Ever since I started digitizing my music library, I’ve struggled with the pronunciation of the word “genre.” I started out saying John Ree, perhaps imagining him as a pioneer in the field of music classification; sort of a spiritual ancestor to the Music Genome Project. Later, I adopted the slurred buzzing intonation that inhabits a kind of Transylvania between the letters “G” and “J” – while retaining a very down-to-earth terminal “ree.” As it turns out, there are two options for correctly pronouncing the word – neither of which I had inferred.

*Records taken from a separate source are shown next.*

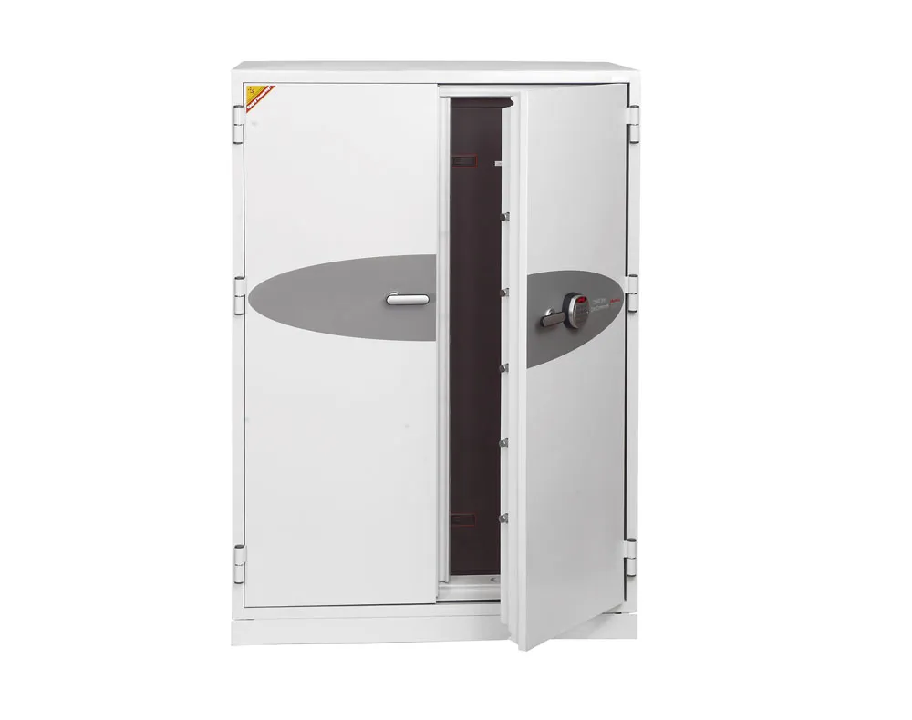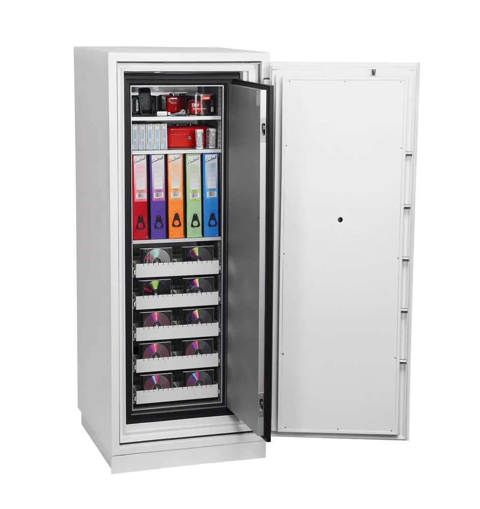 FIRE PROTECTION (DATA) – Tested to Swedish NT Fire 017 – 120dis standard, providing 120 minutes fire protection for computer backup tapes | WATER RESISTANCE – Twin water resistant seals provide an airtight water resistant inner compartment for your computer media | SECURITY PROTECTION – Recommended for an overnight cash risk of £2,500.00 or £25,000.00 valuables | DROP TEST – Fire and impact tested from 9.1 metres for resistance to the impact of falling through the burning floors of a building | SPECIAL FEATURES – Fitted with automatic slam shut locking | FITTINGS – Each unit comes complete with 2 height adjustable shelves and 3 pull out media trays | COLOUR – Finished in a high quality scratch resistant paint RAL9003 White
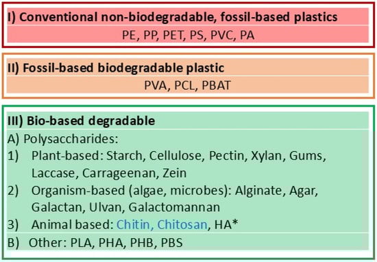 Classification of plastic- and biopolymer-based materials used for packaging. (I) Polyethylene (PE), polypropylene (PP), polyethylene terephthalate (PET), polystyrene (PS), and polyvinyl chloride (PVC). (II) Polybutylene succinate (PBS), polyvinyl alcohol (PVA), polycaprolactone (PCL), and polybutylene adipate co-terephthalate (PBAT). (III) Polylactic acid (PLA), polyhydroxyalkanoates (PHA), polyhydroxybutyrate (PHB), and hyaluronic acid (HA). *—can also be synthesized in laboratory conditions.
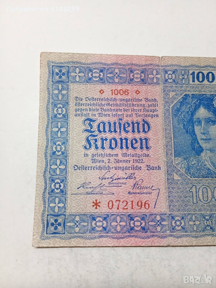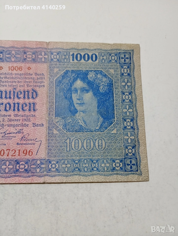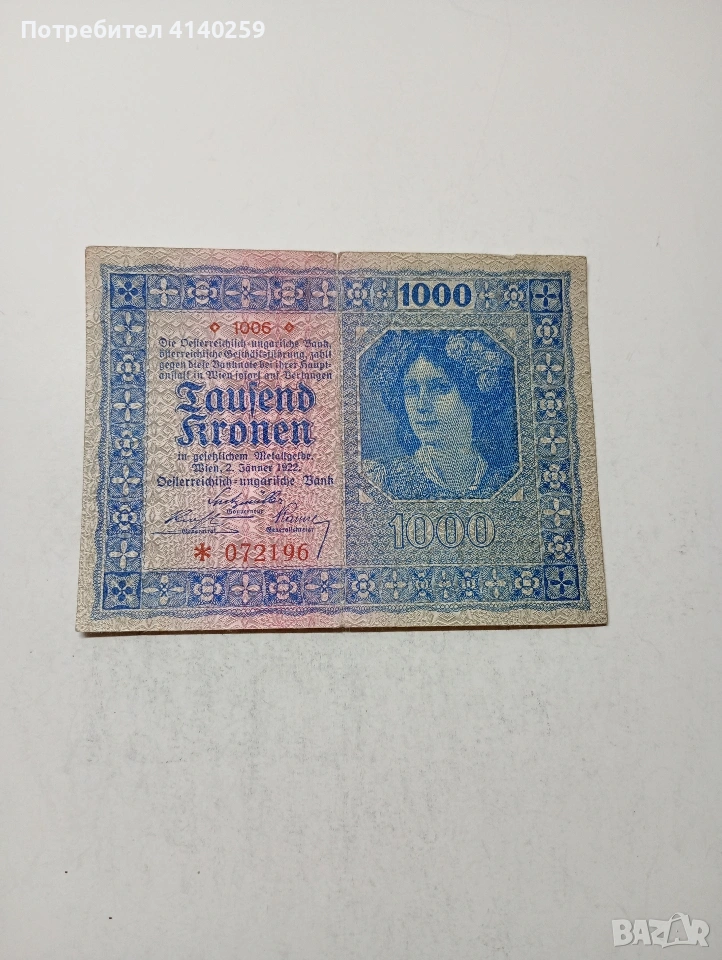 АВСТРИЯ БАНКНОТА 1,000 КРОНИ 1922 Г СЪСТОЯНИЕ ВИДИМО ПОЛУЧАВАТЕ СНИМАНАТА БАНКНОТА РАЗГЛЕДАЙТЕ ДРУГИТЕ МИ ОБЯВИ ДА КОМБИНИРАТЕ ДОСТАВКА ЕКОНТ ЗА ВАРНА ЛИЧНО
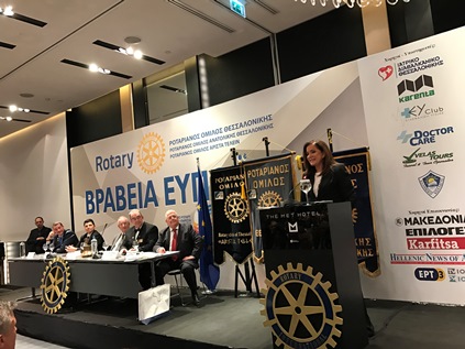 Η κοινωνική προσφορά των Ροταριανών της Θεσσαλονίκης έχει ξεπεράσει τα όρια της περιοχής. Έχετε πρωταγωνιστήσει από το 2009 στη δημιουργία του βαλκανικού δικτύου Ρόταρυ, με μεγάλες επιτυχίες σε ολόκληρη τη Νοτιοανατολική Ευρώπη. Θα ήθελα να σας εκφράσω τα θερμά μου συγχαρητήρια για την επιτυχημένη παρουσία σας.
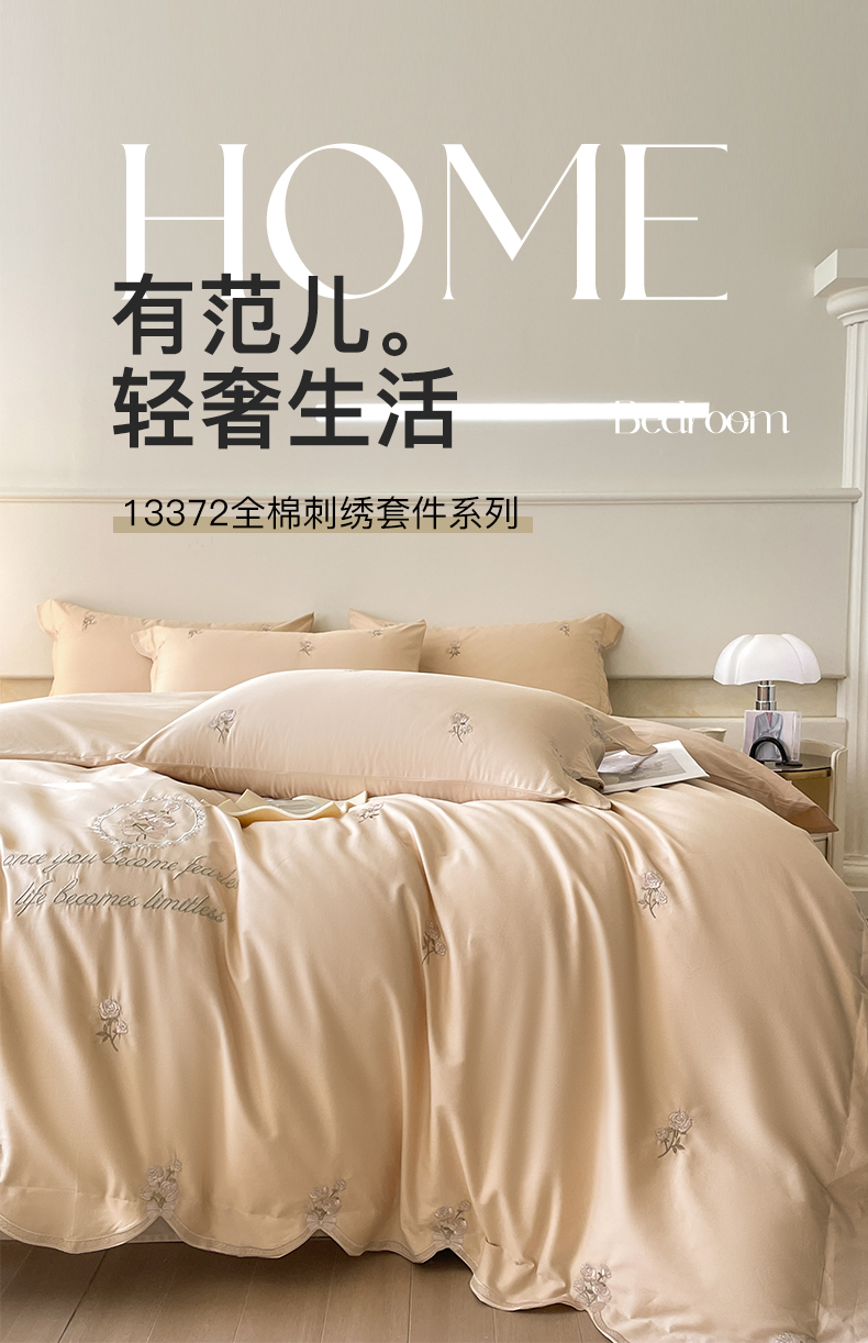 理想家家纺 2024新款全棉刺绣13372四件套-罗拉 罗拉金
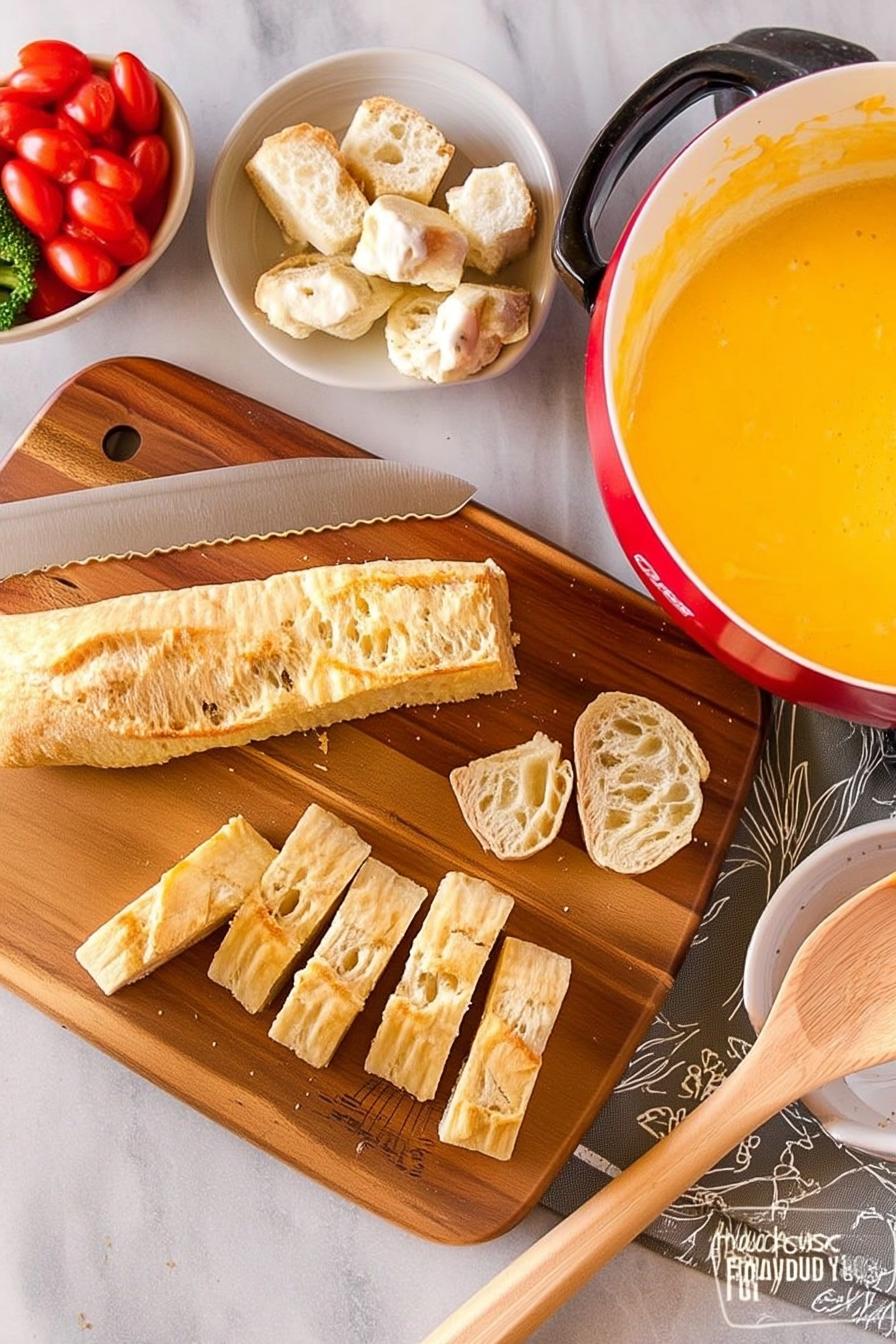 - Can I make this cheese fondue ahead of time? Yes, you can prepare it a day in advance and reheat to serve.

Genres Approximating AlternativeEven more frustrating than the pronunciation of genre is its application to a large music library. Of course, nobody can quite agree on what to call a particular style, whether or not to include a group in that definition, and how that definition should ultimately be formatted. As a result, I have been left with 195 genres, most of which are horrendous chimeras of entities once resembling words. The ten (ten!) variations on “alternative” are, by themselves,  enough to cause me physical pain.

Over time, I have organized my music by artist and album – more recently going through and ensuring that albums have artwork (if at all possible) and have been played at least once. The last column in iTunes to be tamed is genre; even the thought of beginning such lugubrious work causes me to feel chilled. Indeed, does one consistently put an artist into a genre, or does their evolution require a new evaluation with each album? How about that one song on an album that doesn’t fit? Does that get its own label or must it be squished in amongst its appropriately-labeled brethren? Would anything be lost if I replaced all genre classification with “music?”